The Department for Education and Ofqual have just revealed details on the plans for GCSEs and A levels Examinations in 2022.
In 2020 and 2021, GCSE and A-Level exams were cancelled, and students received grades based on past assessments and performance in school. During these years, GCSE and A-Level results saw record grade inflation.
The government has just announced that GCSE and A-Level grades in England will be returned to pre-Covid levels over the next two years.
In 2022, GCSE and A-Level grade distributions will be pitched at a "midway point" between the pre-pandemic levels of 2019 and pandemic results from 2020/2021. These grades will be lower than 2020 and 2021 when teacher assessments were used, following the cancellation of exams, but they will be higher than those for the 2019 cohort.
The Chief Regulator of Ofqual says that "We aim to return to a pre-pandemic grade profile, but we don't think it would be fair on 2022's students to do it all in one go, given the disruption they have experienced. We will aim, therefore, to return in broadly two steps."
GCSE and A-Level Exam Boards will use data showing prior attainment as the starting point to set subject standards, as in any other year, but that these standards will be based on the average of the 2019 and 2021 results. Grade boundaries for each subject will be set by the senior examiners after they have seen students' work.
Ofqual previously suggested that to tackle concerns about grade inflation, a new top grade at A-Level could be introduced after 2022. Ofqual now confirms that there will be no new top grade at A-Level, with the aim instead to return the distribution of A-Level grades to pre-pandemic levels.
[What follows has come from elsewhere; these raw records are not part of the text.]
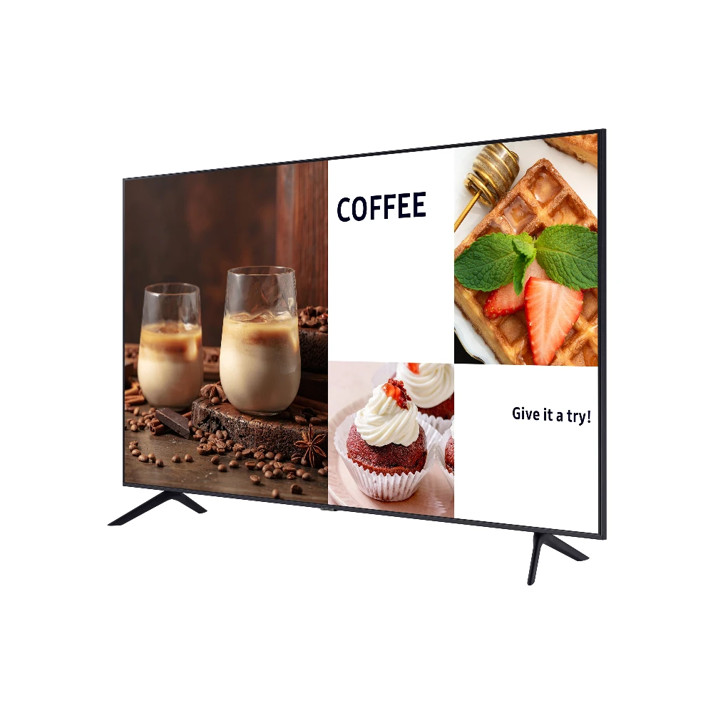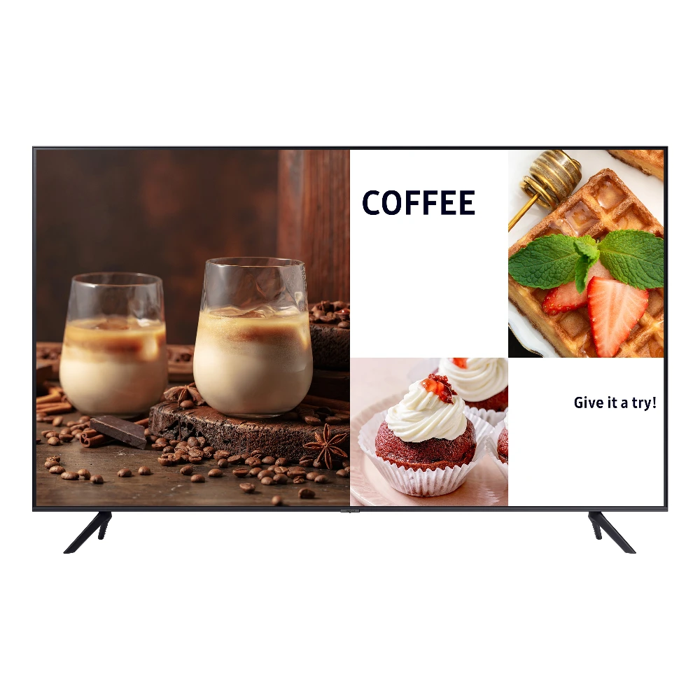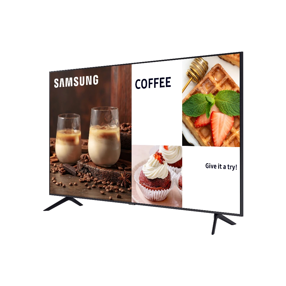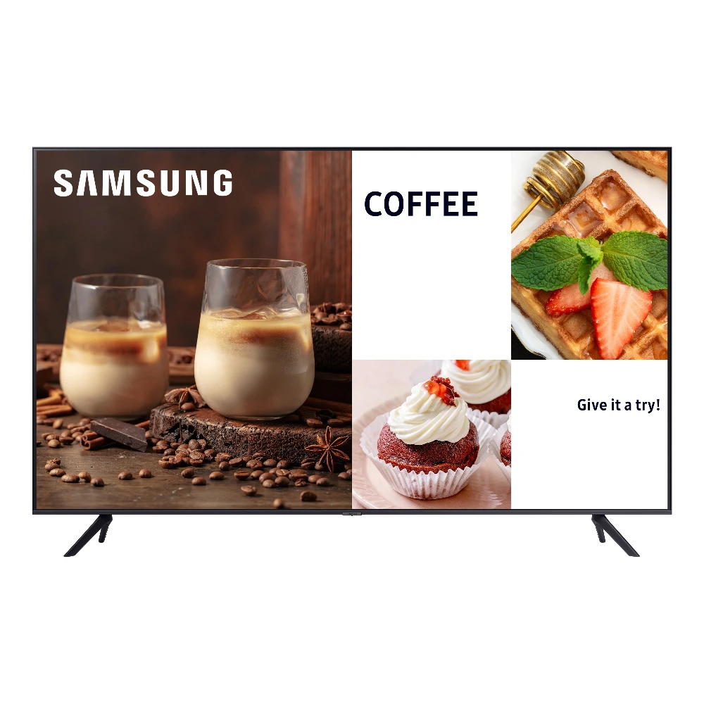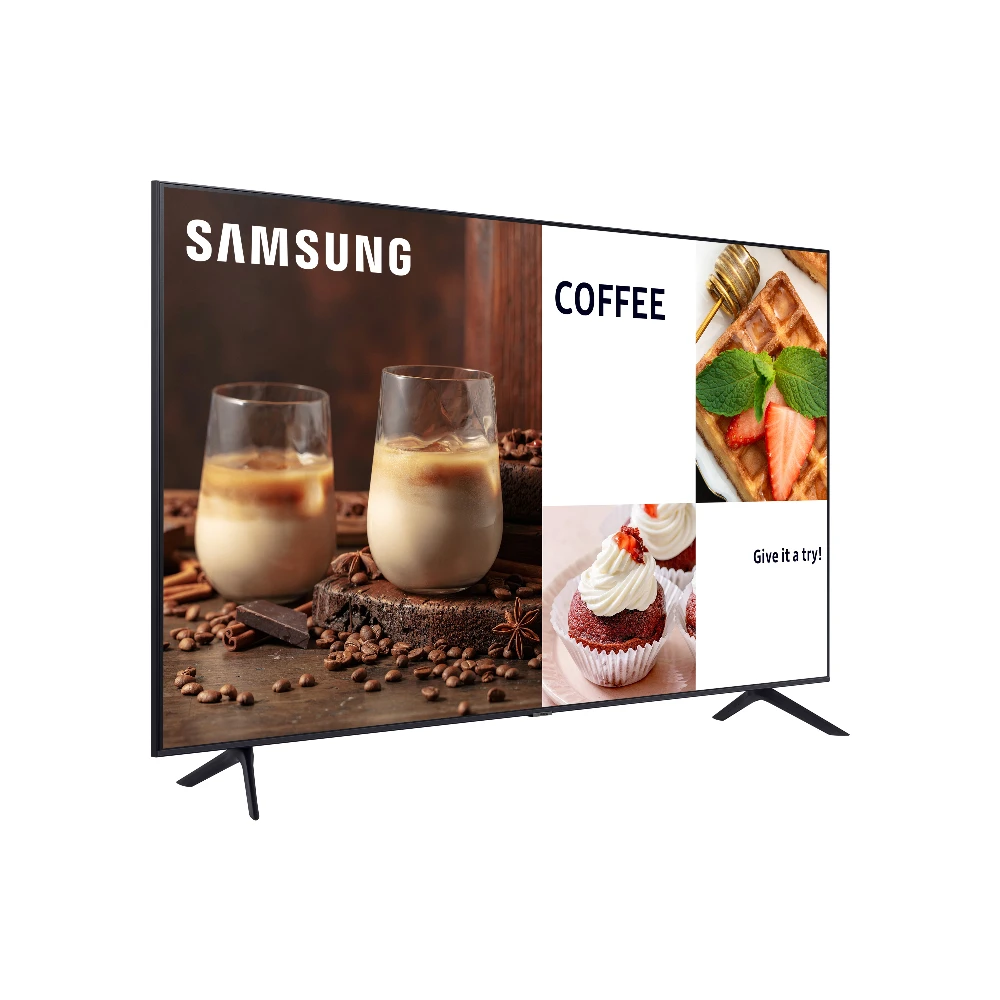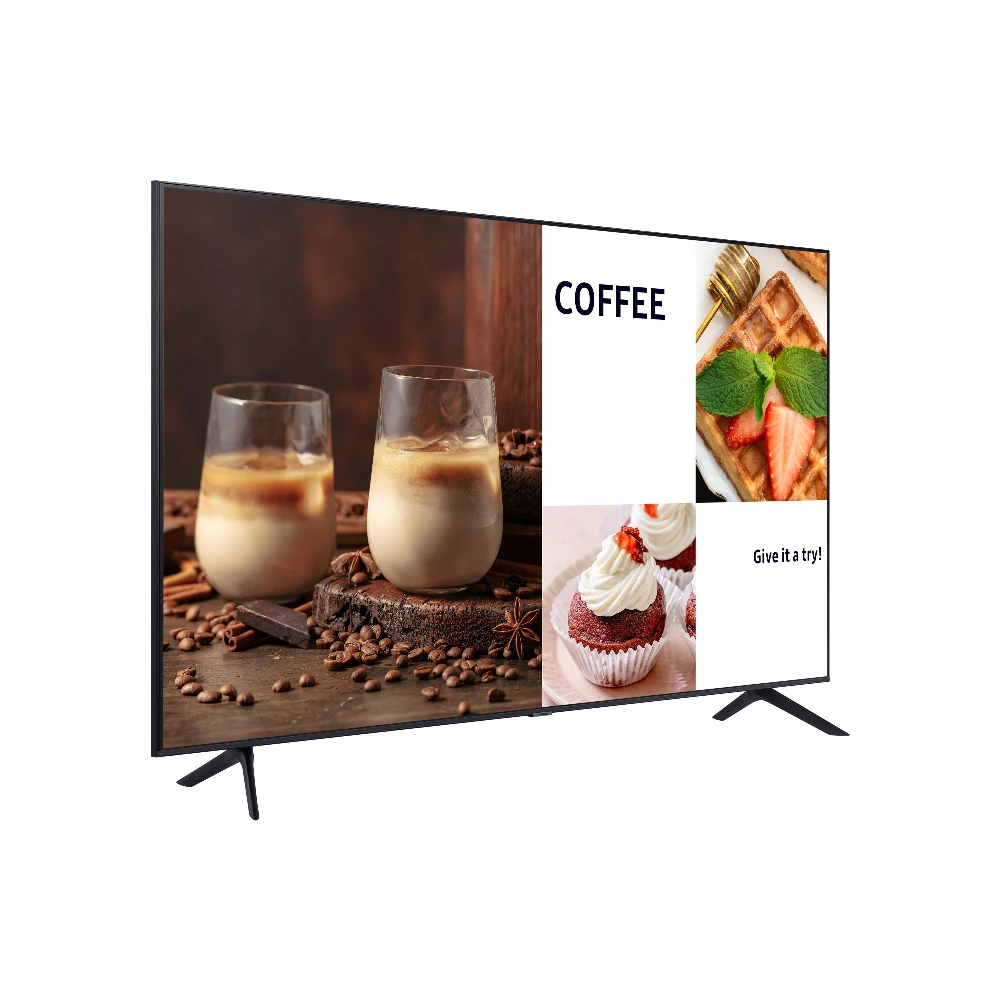Samsung LH55BECHLGUXEN. Product design: Digital signage flat panel. Display diagonal: 139.7 cm (55"), Display technology: LED, Display resolution: 3840 x 2160 pixels, HD type: 4K Ultra HD. Wi-Fi. Operating system installed: Tizen. Product colour: Black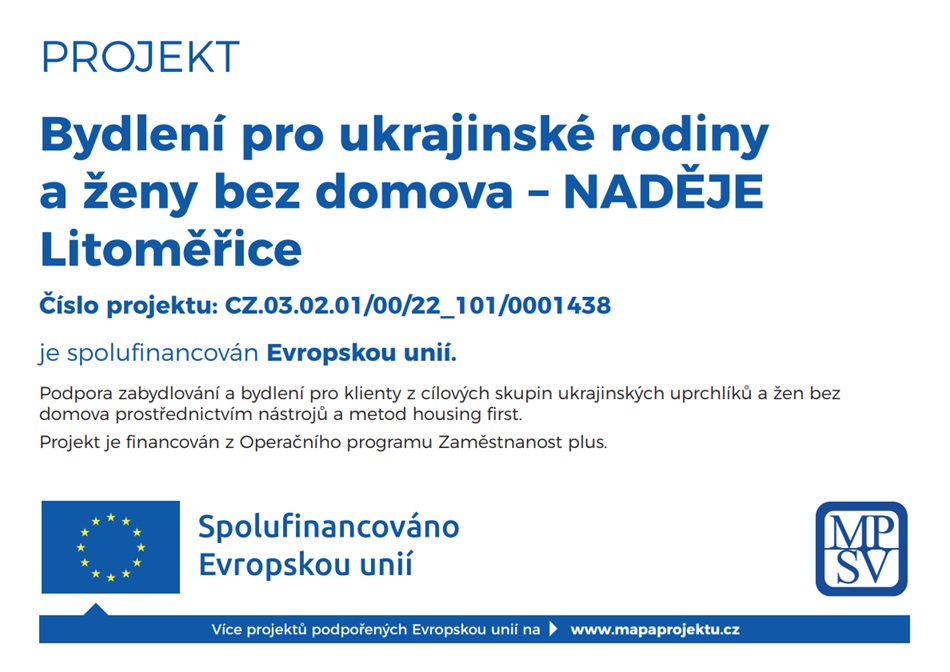 (pdf) Projekt Bydlení pro ukrajinské rodiny a ženy bez domova s registračním číslem CZ.03.02.01/00/22_101/0001438 realizuje organizace NADĚJE Litoměřice v období od 1. 5. 2023 do 31. 5. 2026 a je spolufinancován z Operačního programu Zaměstnanost Plus.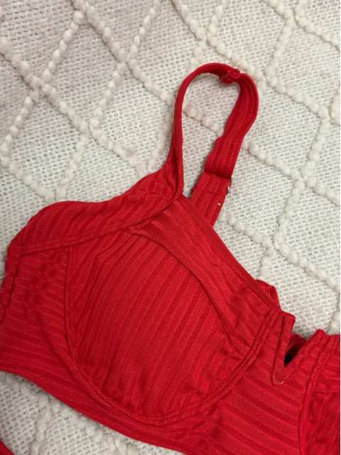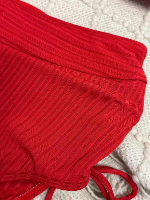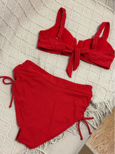 Make a splash in this eye-catching red bikini set. The top shapes and lifts for a flattering bust, while the high-waisted bottoms with side drawstrings offer a comfortable, adjustable fit. A perfect combination of style and confidence for your next beach day!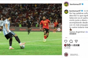 凯文·麦卡利斯特社媒晒出比赛照片,配文:“此时此刻的感受难以言表,为国效力是我最大的梦想,能与亚历克西斯(麦卡利斯特)共同经历这一切,还有家人自始至终的相伴,俱乐部也一直支持着我,这让首秀变得更加激动人心。”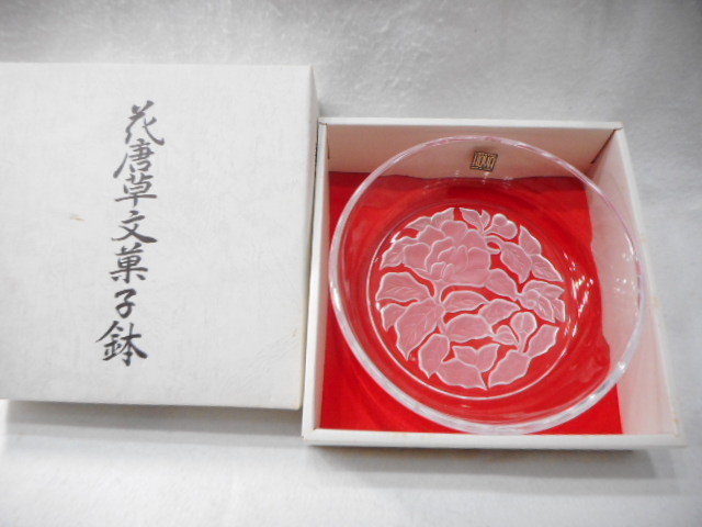 - ◇昭和レトロ◇HOYA クリスタル 花唐草文菓子鉢 プレート 保管品 インテリア 箱入り

Teacher-Assessed Grades (TAGs) will be used again in this eventuality, as schools are already familiar with the process, but Ofqual has confirmed that it will advise teachers to use assessments that already take place during the school year, wherever possible, e.g. mock exams or coursework. As in 2021, students would be assessed on all the content they have been taught but not on any topics that they have not covered. Ofqual says it would not want students to worry that every piece of work they do would go towards their final grade and says students would be told in advance about which assessments would be used for TAGs. The assessment process for TAGs would not take longer than an exam series in the subject.
If GCSE and A-Level exams go ahead as planned, students will have a choice of topics in their exam for GCSE English Literature, GCSE History, GCSE Ancient History and GCSE Geography. For other GCSE subjects, where optionality is not available, students will receive, by 07 February 2022, advance notice of exam topics to focus their revision. This information would be released earlier in the event of further disruption to schooling caused by the pandemic.
Students will be provided with formulae sheets for GCSE Maths, and they will be able to use equation sheets in GCSE Physics and Combined Science.
The same mitigations will exist for GCSE English Language and GCSE Maths in the autumn re-sit series next year.
Teachers will be advised to use the 2019 grading profile when predicting UCAS grades for university admissions this year but are also advised to bump up borderline students to the higher grade giving these borderline students the benefit of any doubt.
UCAS guidance advises that any predicted grade should be aspirational but achievable. UCAS guidance considers the risks of inflating predicted grades as well as the risks of suppressing predicted grades.
In 2021, both GCSE and A-Level results were announced in the space of three days in the same week.
In 2022, the schedule will revert to the norm, with results days held over two weeks, with A-Level results released on 18 August and GCSE results on 25 August.